Dienstag, 23. August 2016 | 05:15 Uhr

In der Affäre um die Nutzung eines privaten E-Mail-Kontos von Ex-Außenministerin Hillary Clinton sind 15.000 weitere Nachrichten aufgetaucht. Die US-Bundespolizei habe die Nachrichten an das Außenministerium weitergegeben. Sie sollen im Zuge einer früheren Vereinbarung veröffentlicht werden, sagte der Sprecher des US-Außenministeriums, Mark Toner, am Montag in Washington.

Die Vereinbarung war mit der konservativen Organisation Judicial Watch geschlossen worden. Zunächst sollen private Mails aussortiert und vertrauliche Stellen geschwärzt werden. Die Auswertung solle bis Ende September abgeschlossen sein. Clinton steht seit langer Zeit in der Kritik, weil sie als US-Außenministerin dienstliche E-Mails über einen privaten Server verschickt hatte. Das FBI untersuchte den Fall, empfahl aber nach Abschluss der Untersuchungen, Clinton nicht anzuklagen.

Judicial Watch pochte vor Gericht auf die Veröffentlichung der E-Mails. FBI-Direktor James Comey hatte bereits vor Wochen von “mehreren Tausend weiteren E-Mails” gesprochen, die gelöscht worden seien, aber wiederhergestellt werden konnten.

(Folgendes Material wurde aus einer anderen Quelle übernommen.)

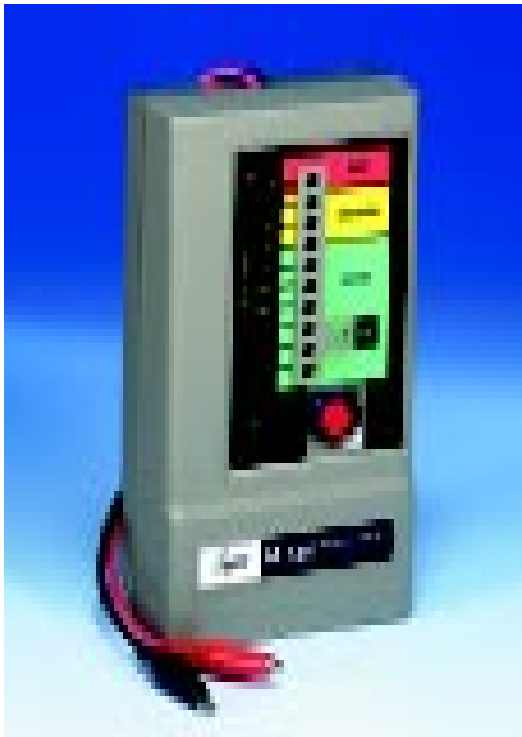
DETECT THE CONDITION OF MOTOR WINDING INSULATION BEFORE IT'S TOO LATE!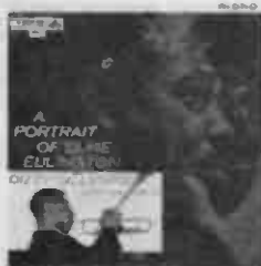
DIZZY GILLESPIE H.M.V. CLP1431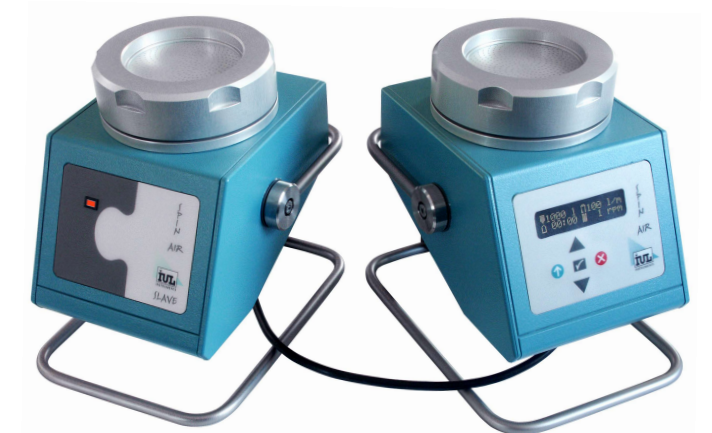
Spin Air Slave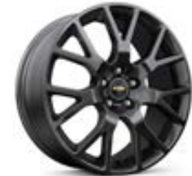
18" Gloss Black Aluminum Wheels Available on LT with Midnight Edition or Sport Edition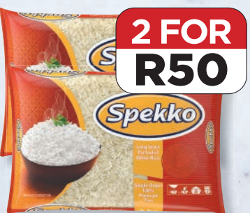
Spekko Parboiled Rice 2 kg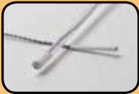
ACC-700AA0 Spiral Fetal ECG Electrode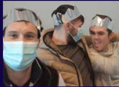
This year each home held their own 'Elf' party, with party games and festive food

Christmas is always a busy and fun-filled celebration, and at HFHC, the excitement didn't stop for COVID! From early December, activities were planned and delivered to all the homes, including kits to make food and decorations. This tied in with a daily 'Care2Christmas' advent calendar of YouTube programmes with songs, stories, dancing and quizzes as well as crafts and cooking. In place of the usual large HFHC Christmas Party, each home had an 'Elf' themed party delivered with festive party packs, games and delicious food for everyone to enjoy.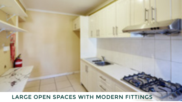
LARGE OPEN SPACES WITH MODERN FITTINGS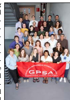
GPSA Council 2006-07

school, serve on the GPSA Council. The Executive Board, also members of the Council, are elected positions consisting of a President, Vice President, Secretary, and Treasurer. The Council meets each month @ 2 p.m. in the Student Union, in an open forum to discuss current issues, activities, and address concerns that impact graduate and professional students.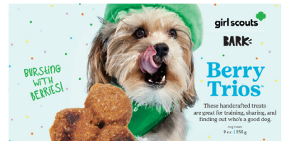
Bark Box - Dog Treats & Toys (non subscription)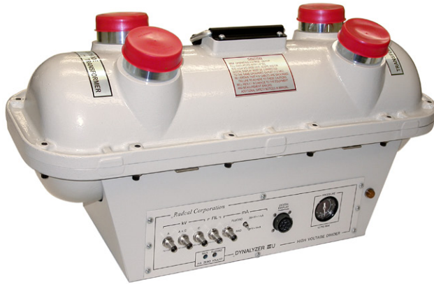
Dynalyzer IIIU High Voltage Unit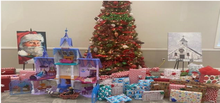
Project Joy & Hope

NAII Houston is honored to partner with Project Joy & Hope. Project Joy & Hope is a non-profit organization located in Pasadena, that helps house and support families with seriously ill children. With the help of our generous employees, NAII was able to provide gifts to one of the families, making this time of year one of joy and hope!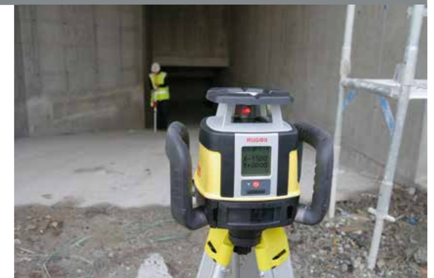
HORIZONTAL, VERTICAL & FULLY-AUTOMATIC DUAL GRADE WITH DIAL-IN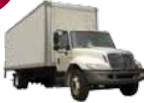
Two Fixed-Body Straight-Trucks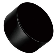
Matte Smooth Flat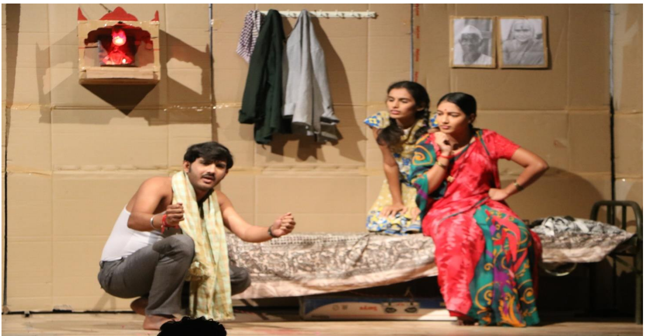
One Act Play Driver performed by IBMRD at Shahu Modhak Intercollege Competition.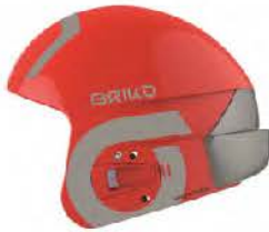
A01 SHINY RED SILVER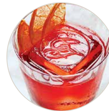
BRANDED ICE CUBES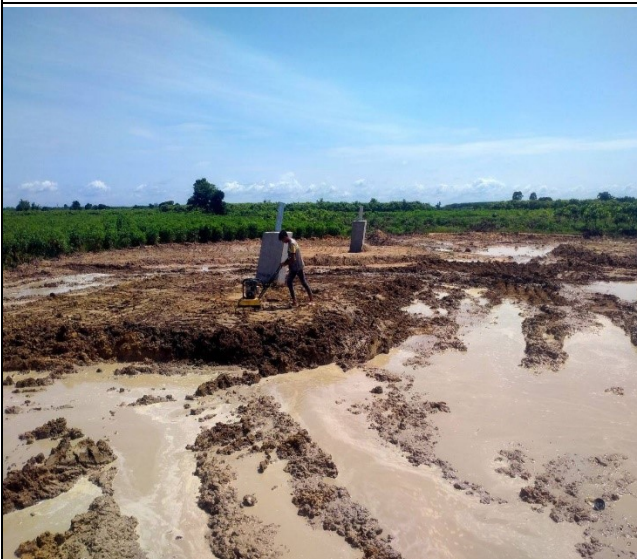
Soil backfills of the leg A, B, C, D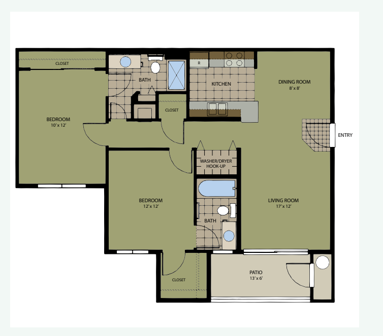
THE TWO BEDROOM • 949 Sq. Ft. Two Bedroom / Two Bath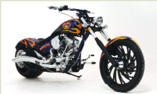
DAYTONA RAFFLE BIKE

DONNY'S TECHLINE: AIR CLEANERS & POWER III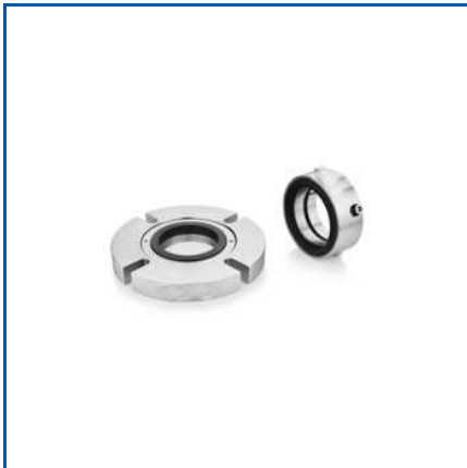
SINGLE DRY SEAL

API PLAN 53 Thermosyphon Pot, Acidic Application Teflon Bellow Seal, Agitator Double Seal With Api Plan 53 Vessel, Agitator Dry Seal, Agitator Single Wet Seal, Bearing Isolator, Boiler Fuel Pump Seal, Bunch Seals, Bush Bearings, Clinker Grinder Seal, Cooler Heat Exchanger, Double Agitator Seal, Double Back To Back Pump Seal, Double Cartridge Seal, Double Petro Chemical Seal, etc.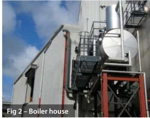
Fig 2 – Boiler house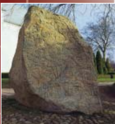
The Jelling Stone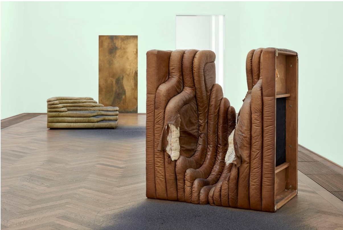
Dora Budor, Installationsansicht, I am Gong , Kunsthalle Basel, 2019. Dora Budor, installation view, I am Gong , Kunsthalle Basel, 2019.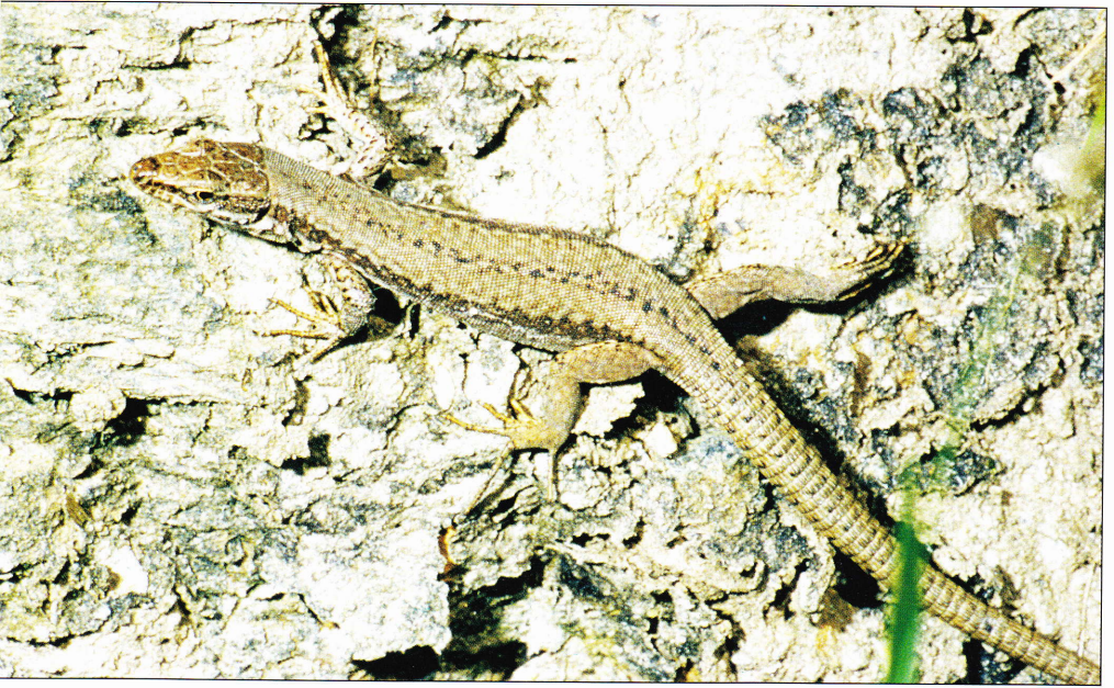
Fig. 60: Podarcis muralis , Lolair, Aosta.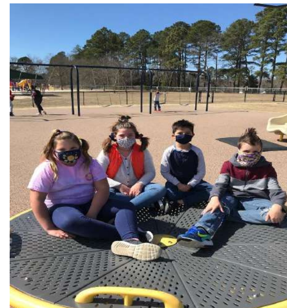
“Crazy Hair Day”-Dr. Seuss Week

Am Montag wurden ferner E-Mails aus dem Clinton-Fundus bekannt, die von Judicial Watch selbst öffentlich gemacht wurden. Sie stammen von der engen Clinton-Vertrauten Huma Abedin und sollen den Verdacht nahelegen, dass Spender für die Clinton-Stiftung von Hillarys Ehemann Bill leichter Zugang zur Außenministerin bekommen hatten. So wandte sich der Kronprinz von Bahrain im Mai 2009 mit der Bitte um ein Treffen mit Clinton an die Stiftung, nachdem er auf dem üblichen Weg eine Absage bekommen hatte – mit Erfolg.

Clintons Widersacher im Rennen um das Weiße Haus, Donald Trump, forderte eine Schließung der Clinton-Stiftung. Sie selbst wies die Vorwürfe zurück. Das Wahlkampfteam des republikanischen Kandidaten Donald Trump versucht bereits, Clinton wegen der Affäre als unglaubwürdig darzustellen. Zurzeit hat sie Umfragen zufolge einen Vorsprung vor Trump. Gewählt wird am 8. November.

Von: APA/dpa/ag.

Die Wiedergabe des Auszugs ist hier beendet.